======== Available data ========

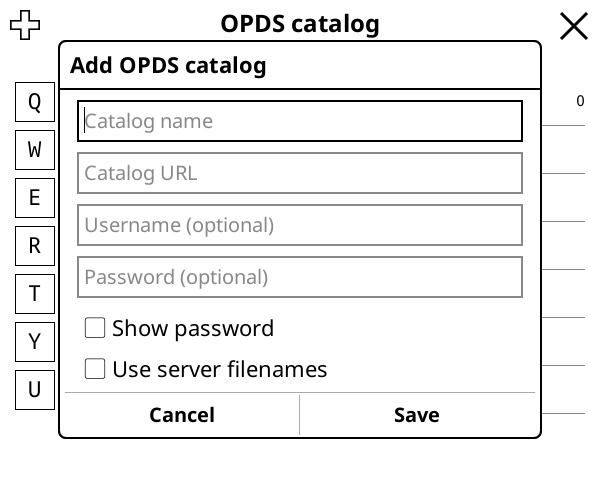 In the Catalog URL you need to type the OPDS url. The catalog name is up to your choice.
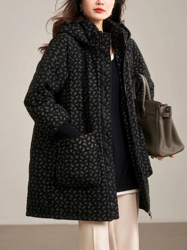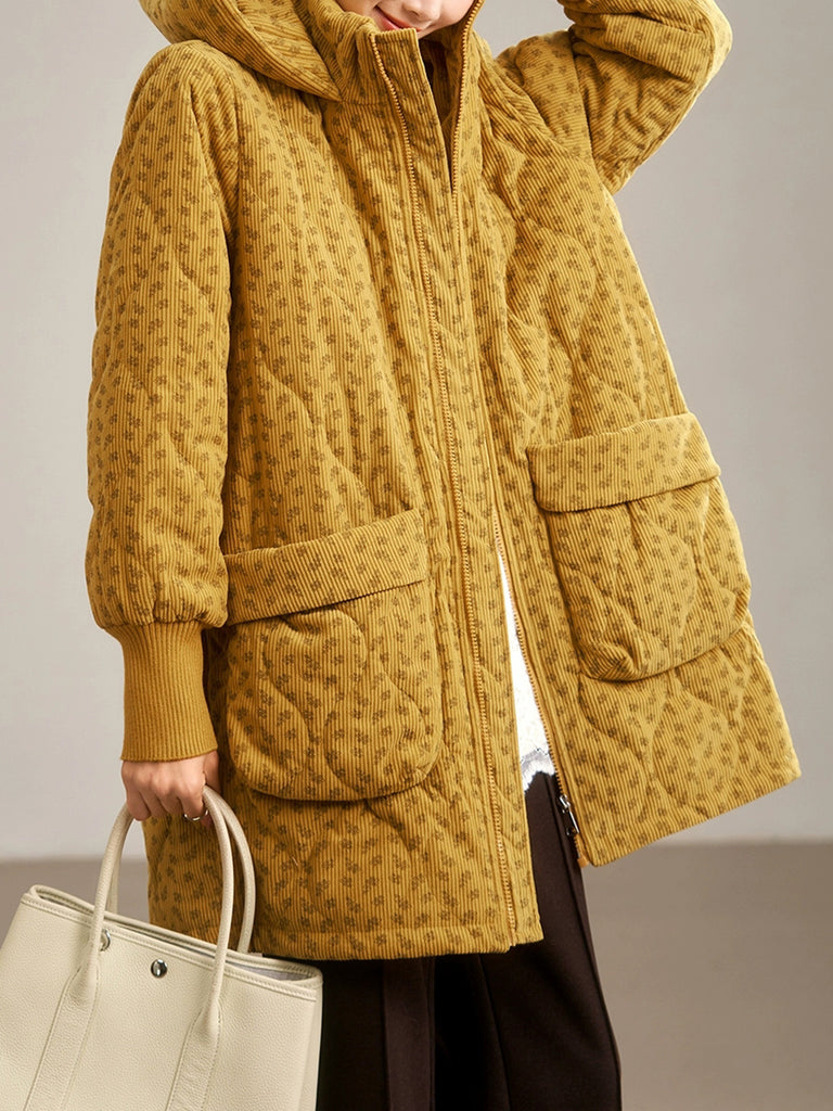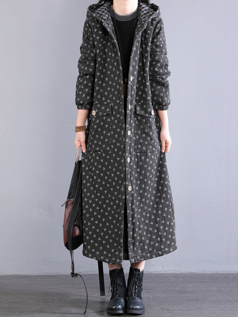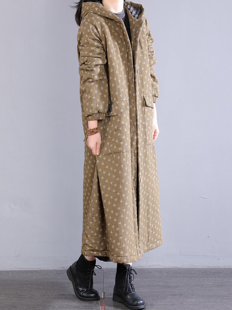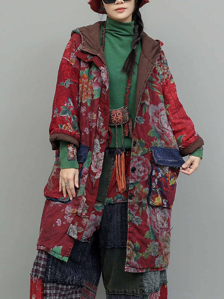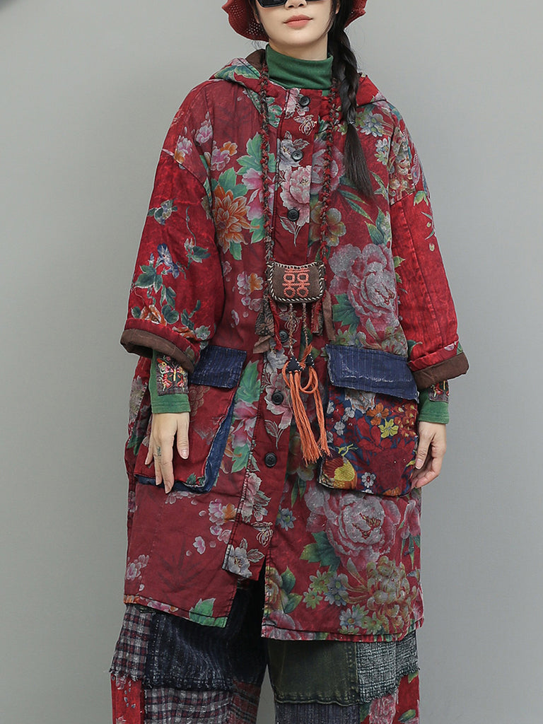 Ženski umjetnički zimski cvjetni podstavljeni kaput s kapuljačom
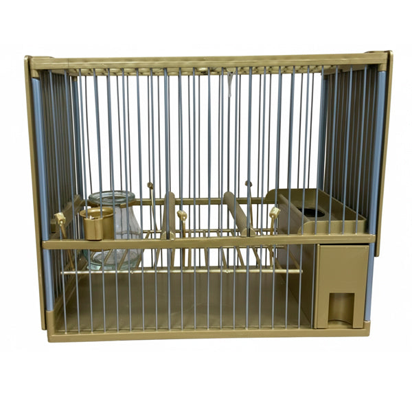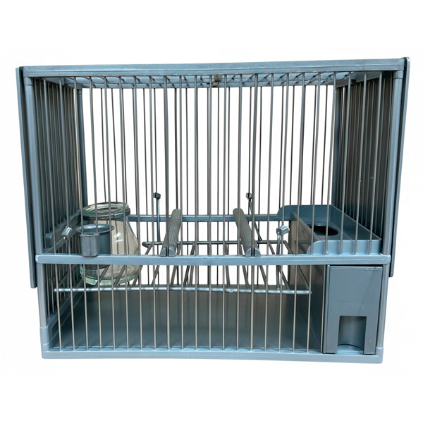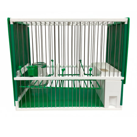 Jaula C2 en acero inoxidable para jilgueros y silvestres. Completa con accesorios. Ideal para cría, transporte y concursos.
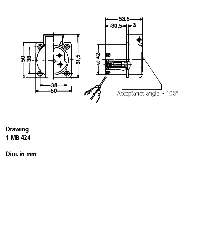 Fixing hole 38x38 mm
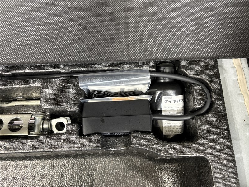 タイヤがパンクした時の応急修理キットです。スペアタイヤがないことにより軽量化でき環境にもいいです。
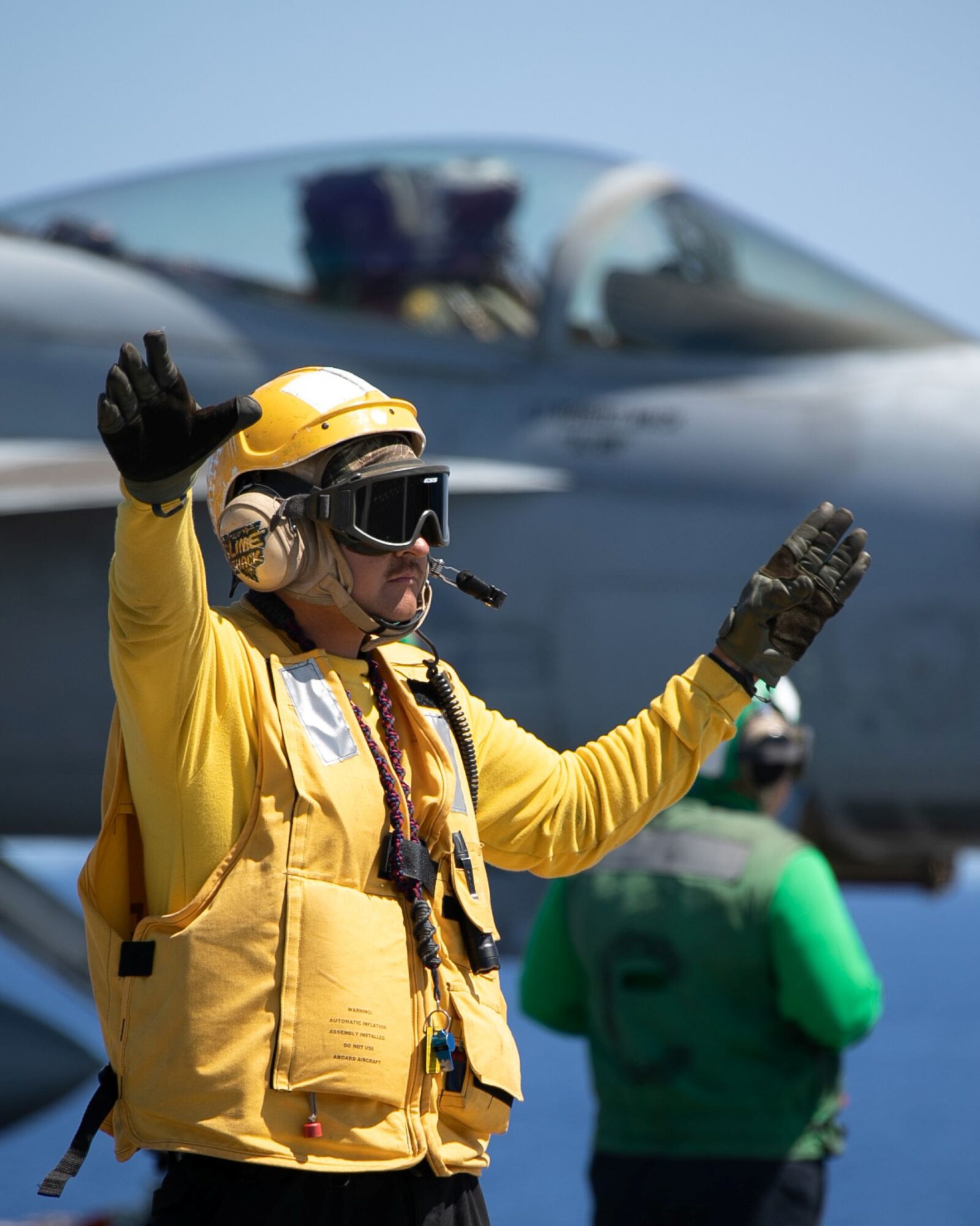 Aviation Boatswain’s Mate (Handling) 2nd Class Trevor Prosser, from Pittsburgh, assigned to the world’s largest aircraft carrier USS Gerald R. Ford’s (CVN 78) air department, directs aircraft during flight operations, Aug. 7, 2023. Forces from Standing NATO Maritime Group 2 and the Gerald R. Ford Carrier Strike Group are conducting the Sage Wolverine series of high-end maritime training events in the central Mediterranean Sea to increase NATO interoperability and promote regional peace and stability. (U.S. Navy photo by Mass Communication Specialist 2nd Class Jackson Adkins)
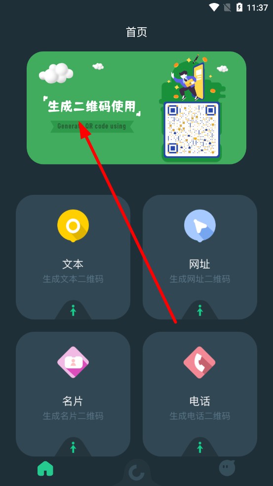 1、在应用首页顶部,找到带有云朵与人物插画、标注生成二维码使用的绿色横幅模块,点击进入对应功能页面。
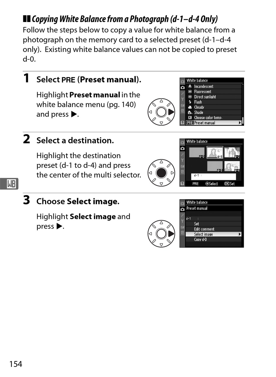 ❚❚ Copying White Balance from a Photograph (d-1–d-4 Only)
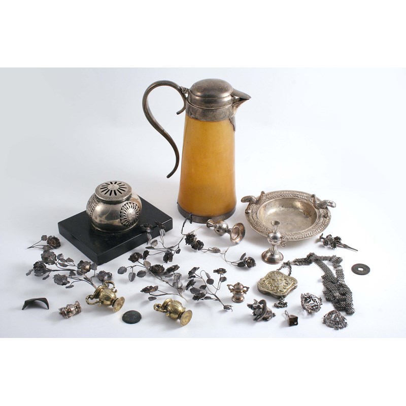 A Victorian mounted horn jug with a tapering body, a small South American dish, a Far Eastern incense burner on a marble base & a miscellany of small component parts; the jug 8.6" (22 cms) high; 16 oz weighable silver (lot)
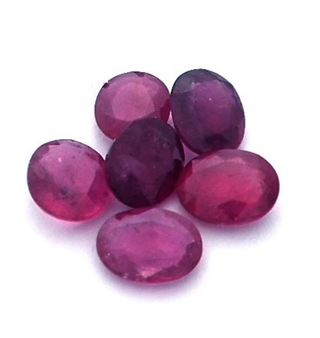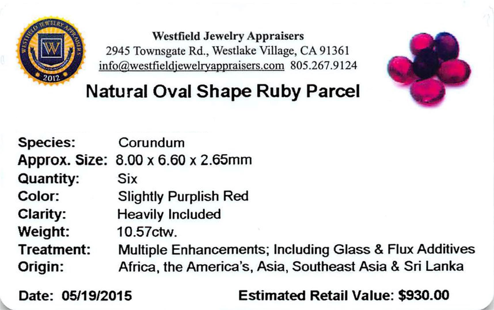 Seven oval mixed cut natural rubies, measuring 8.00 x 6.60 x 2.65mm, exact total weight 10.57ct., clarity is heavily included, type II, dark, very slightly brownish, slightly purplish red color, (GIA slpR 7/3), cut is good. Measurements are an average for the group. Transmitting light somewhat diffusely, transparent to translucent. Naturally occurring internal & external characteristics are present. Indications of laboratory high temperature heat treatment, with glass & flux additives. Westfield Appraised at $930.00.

========

| What you are asked to do |
Reproduce exactly, with no pictures, the lines above from the one holding "1、在应用首页顶部,找到带有" to the one holding "A Victorian mounted", inclusive.

| Written answer |
 1、在应用首页顶部,找到带有云朵与人物插画、标注生成二维码使用的绿色横幅模块,点击进入对应功能页面。
 ❚❚ Copying White Balance from a Photograph (d-1–d-4 Only)
 A Victorian mounted horn jug with a tapering body, a small South American dish, a Far Eastern incense burner on a marble base & a miscellany of small component parts; the jug 8.6" (22 cms) high; 16 oz weighable silver (lot)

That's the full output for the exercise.